The SKS Raceblades work for me, but I see a lot of semi-permanent home-built solutions. One of the most popular uses this special bracket, that as far as I know, only comes from River City Biycles in Portland. Looks a lot like the brackets that hold light duty rear racks, but with a little different bend pattern.
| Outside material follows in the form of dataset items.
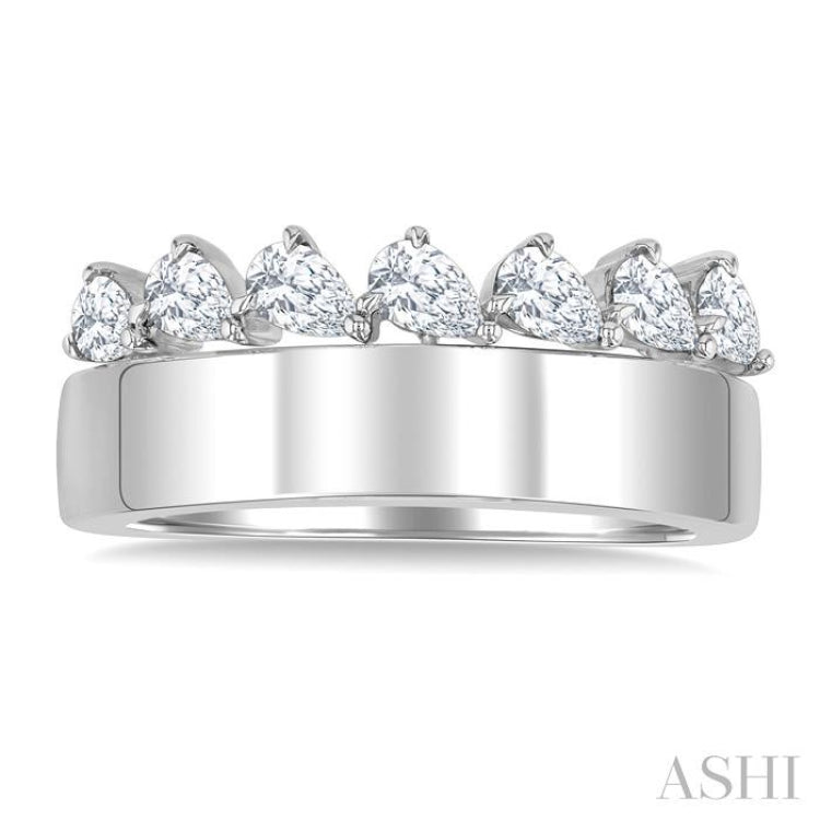 5/8 Ctw Pear Cut Diamond Bold Gold Fashion Wide Band in 14K White Gold
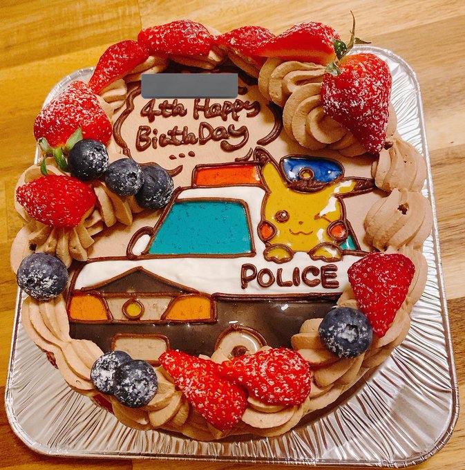 今日は息子の誕生日だったのですが、このケーキ可愛すぎませんか…!?😭 ピカチュウとパトカー描いてくださいとだけリクエストしたのですが、めちゃくちゃクオリティ高くてびっくりした…!
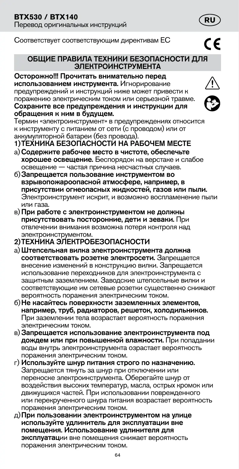 Найдите руководство к устройству бесплатно BTX530 / BTX140 RAPID в формате PDF.
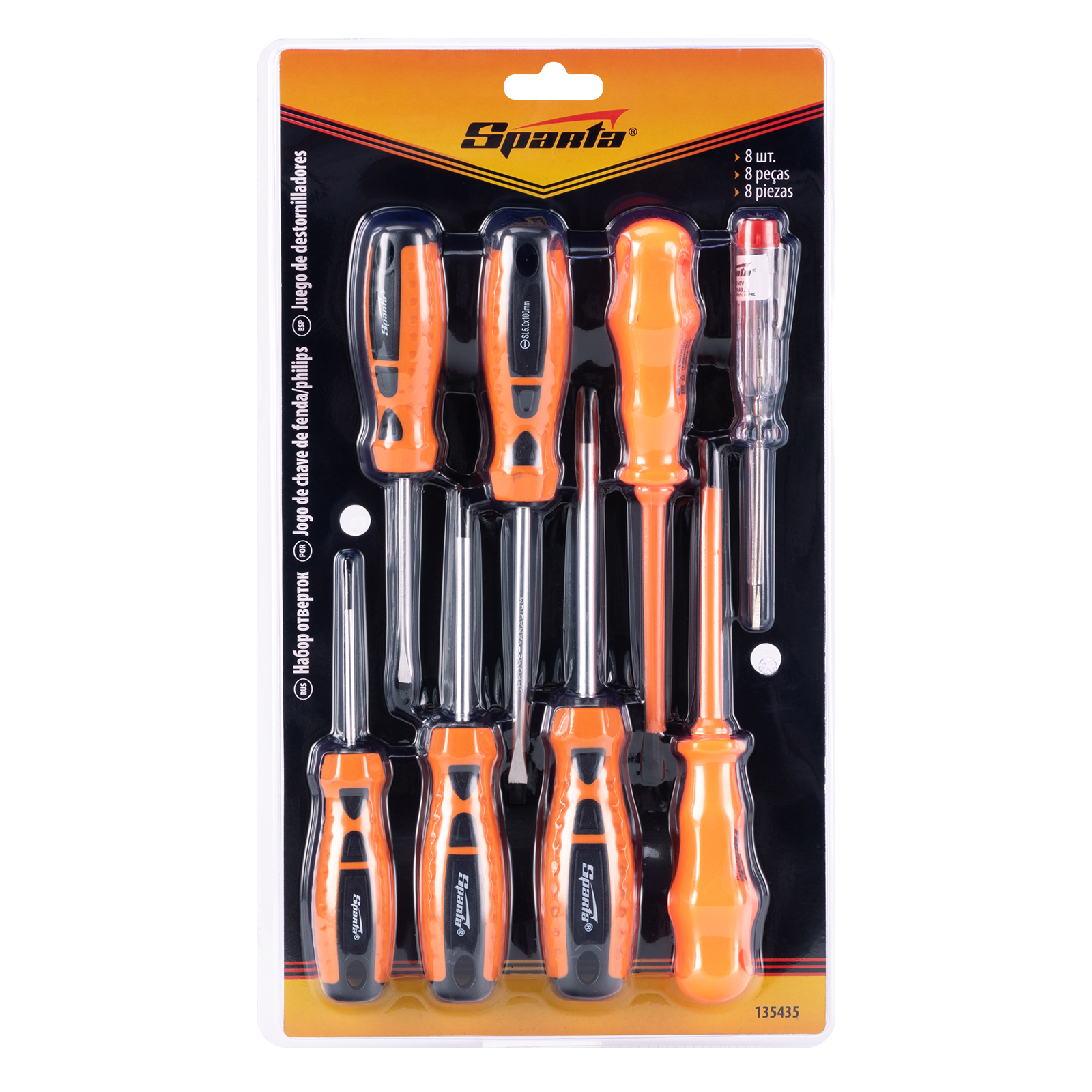 Набор отверток Sparta 135435 включает 8 предметов: 5 отверток для монтажа/демонтажа крепежных элементов с профилем PH и SL, 2 диэлектрические отвертки и электрический пробник на 220 В. Он пригодится для ремонта и обслуживания электрооборудования в быту. Важно — техника безопасности исключает проведение работ под напряжением!
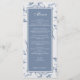 Menu Floral Dusty Blue Elegant Wedding. Um Menu Casamento com um design floral elegante. Lindas flores azuis empoeiradas sobre fundo leve. Perfeito para primavera e casamentos de verão.
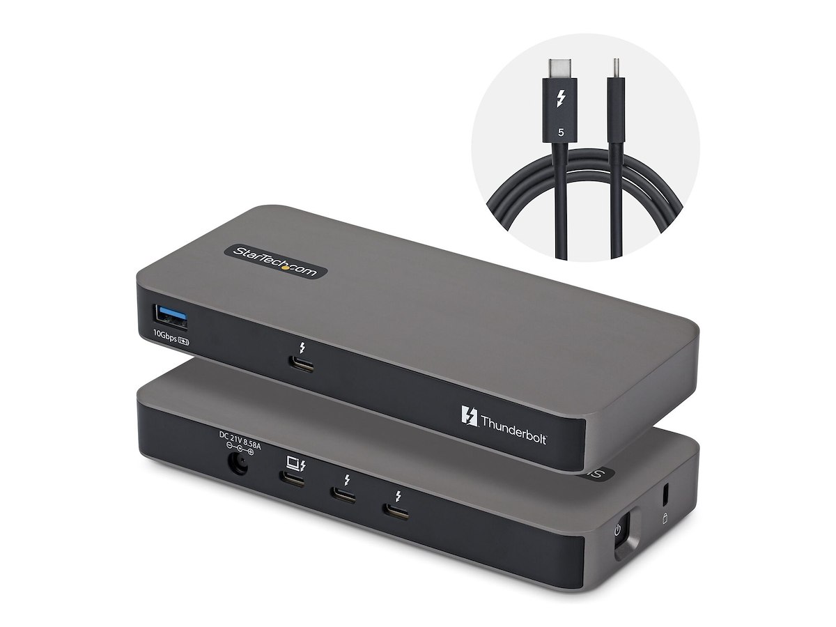 Thunderbolt 5 hub with three TB5 downstream ports for triple 8K video, 140W charging, USB-A, and Thunderbolt Share
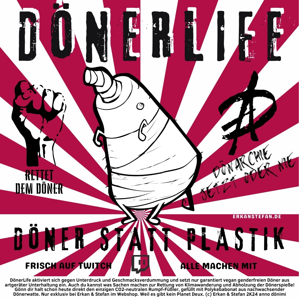 DönerLife aktiviert sich gegen Unterdruck und Geschmacksverdummung und setzt nur garantiert vegan genderfreien Döner aus artgeräter Unterhaltung ein. Auch du kannst was Sachen machen zur Rettung von Klimawanderung und Abholzung der Dönerspieße! Gönn dir halt schon heute direkt den einzigen CO2-neutralen Rumpf-Füßler, gefüllt mit Polykebabonat aus nachwachsender Dönerwatte. Nur exklusiv bei Erkan & Stefan im Webshop. Weil es gibt kein Planet Deux. ©Erkan & Stefan 2K24 anno dönimi
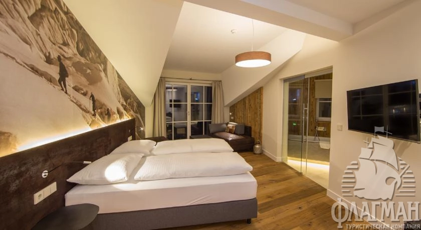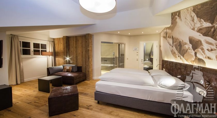 - Panoramasuite (45 м2, на 2 чел., на верхнем этаже, зона гостиной, большая ванная комната (отделена от спальни стеклянной дверью) с ванной и душем, уникальный панорамный вид)
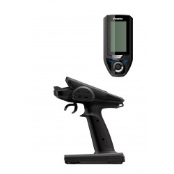 The lap timer can record 100 lap times and total time. The timer can also be started automatically by trigger operation. The race time and audible alarm can be set. Re-/fueling time are indicated by an audible alarm. An up timer is also provided.
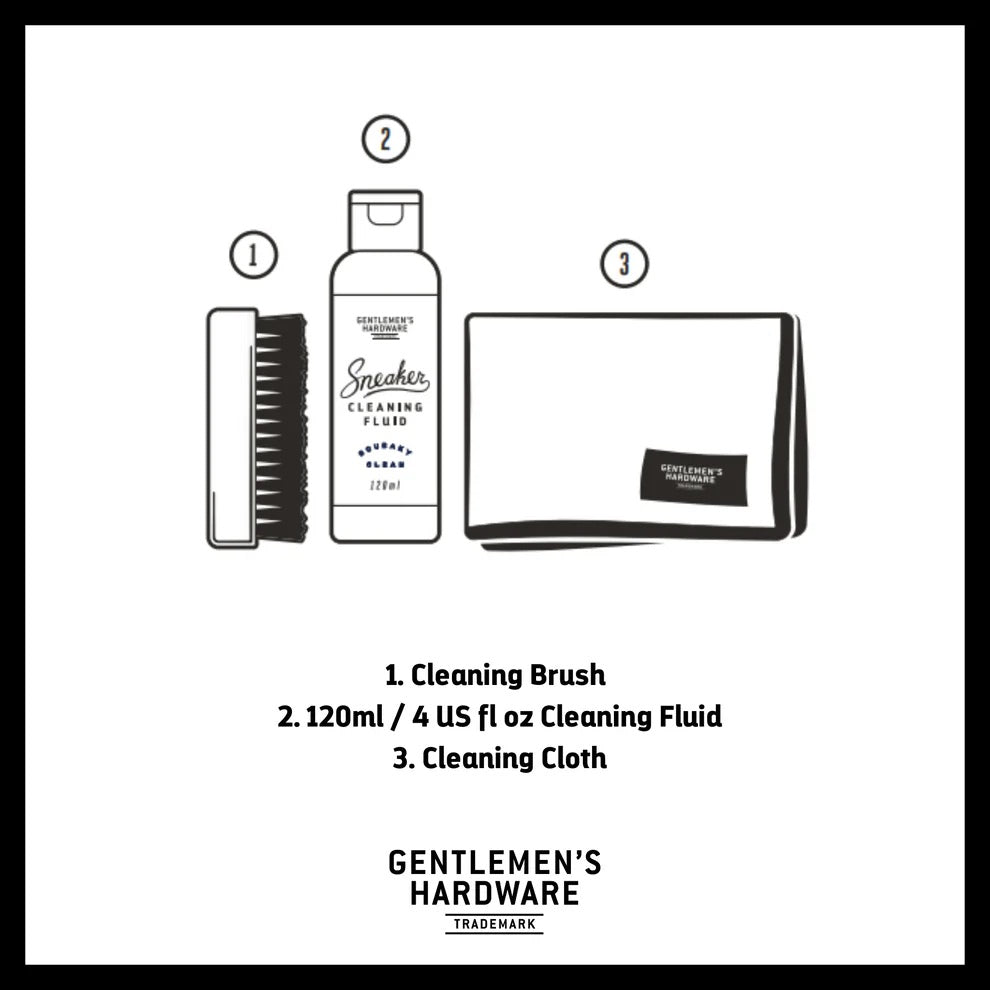 - Includes 120ml bottle of tough-on-stains cleaning fluid, cleaning brush and accompanying cloth
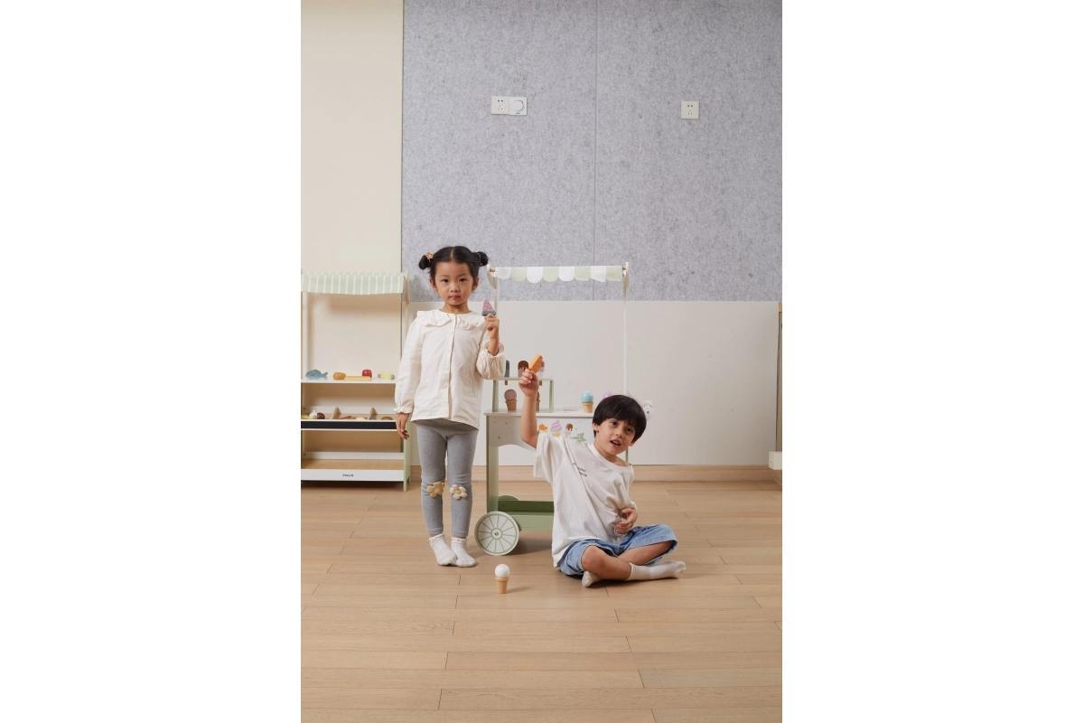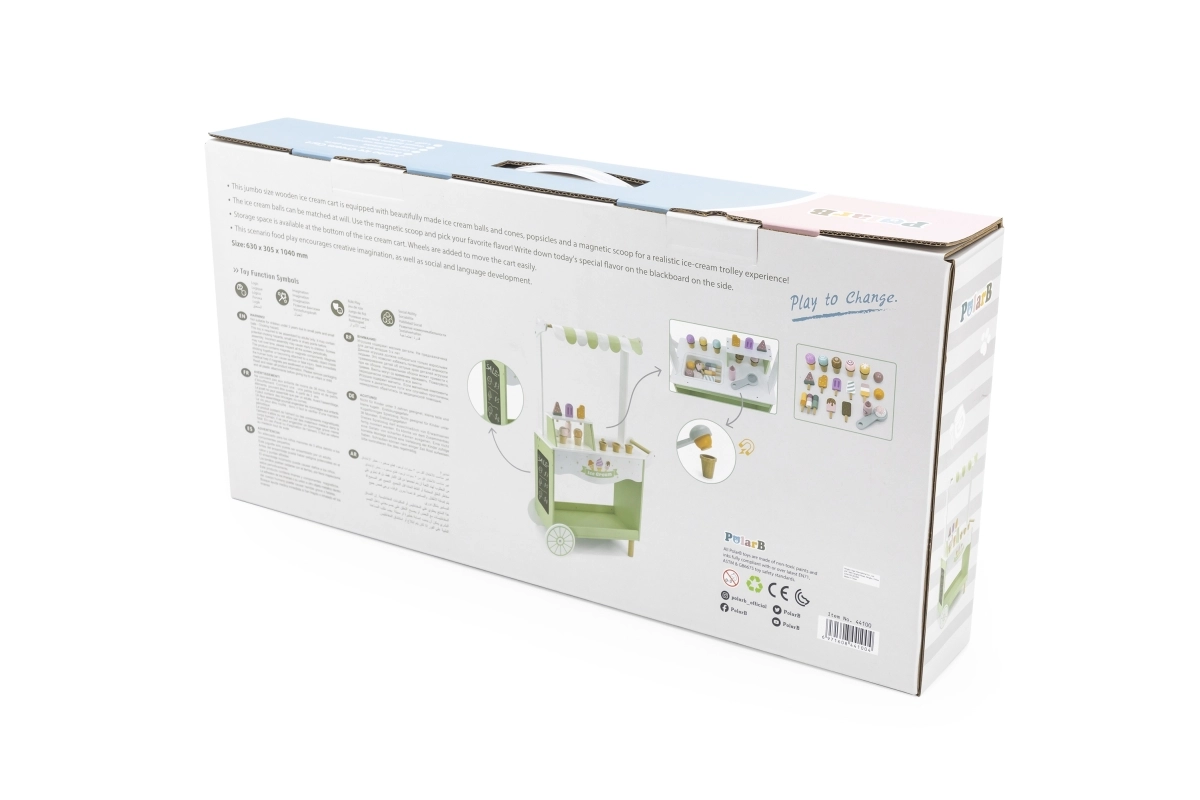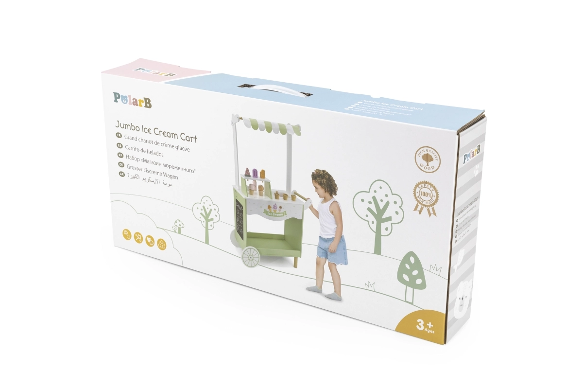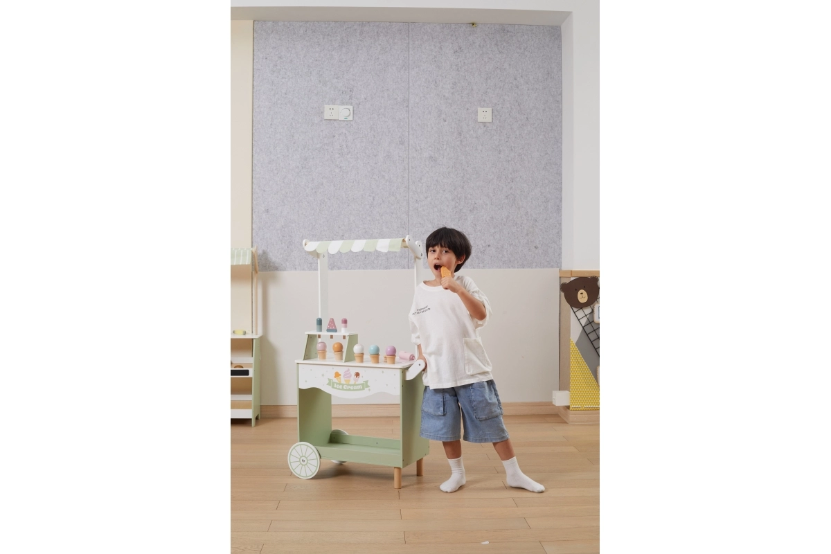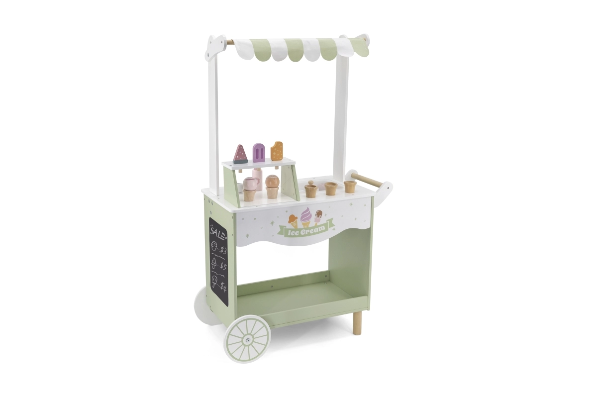 Dodies fantāzijas pilnā piedzīvojumā ar mūsu koka saldējumu kiosku bērniem. Šis košais kiosks ietver plašu koka saldējumu un piederumu klāstu, kas bērnus izklaidēs stundām ilgi:

Here’s the link: http://rivercitybicycles.com/product/reacharound-fender-brackets-737.htm


----------



## zriggle (Apr 16, 2008)

Get the CRUD Road racer fenders.

LINKY

Review, pics, etc:
http://road.cc/node/6849


----------



## Poppadaddio (Apr 15, 2007)

*Worth a look!*



zriggle said:


> Get the CRUD Road racer fenders.
> 
> LINKY
> 
> ...


What do they look like when installed on the bike? Is this just a rear wheel fender?


----------



## Poppadaddio (Apr 15, 2007)

*Will thy stand to have a "buddy flap" added?*



zriggle said:


> Get the CRUD Road racer fenders.
> 
> LINKY
> 
> ...


If the fender doesn't extend well down behind the rear wheel, then the rider behind you gets the same rooster tail as if there was no fender there at all.


----------



## rmsmith (Feb 15, 2007)

*Did someone say fenders?*

I have Planet Bike Cascadia Touring fenders on both my bicycles seen here: Serotta Legend TR, Co-Motion Americano. We have lots of dust and grit up here in eastern Washington's Columbia Basin. The fenders keep the drivetrain and frame clean. I ride the Serotta Legend for fitness on several defined routes, and I ride the Co-Motion Americano on family outings and when seeking-out new unknown places since the 40-spoke wheels and 37-mm tires can handle a variety of road surfaces with ease.


----------



## frpax (Feb 13, 2010)

race bikes don't have fenders 

if you put fenders on them, then they're just bikes with racy geometry


----------



## Fogdweller (Mar 26, 2004)

*I'll second the CRUDS*

Very cool and made for bikes with tight clearance. probikekit.com sells them for around $40 delivered.


----------



## cpcritter (Sep 24, 2008)

Thanks for mentioning the Crudz option. I have been using the race blades in foul weather and they are a pain to get set up when I use 25c tires. The race blades don't seem to have as large amount of coverage either. I ordered a pair of the Crudz today (probikekit got them back in stock).


----------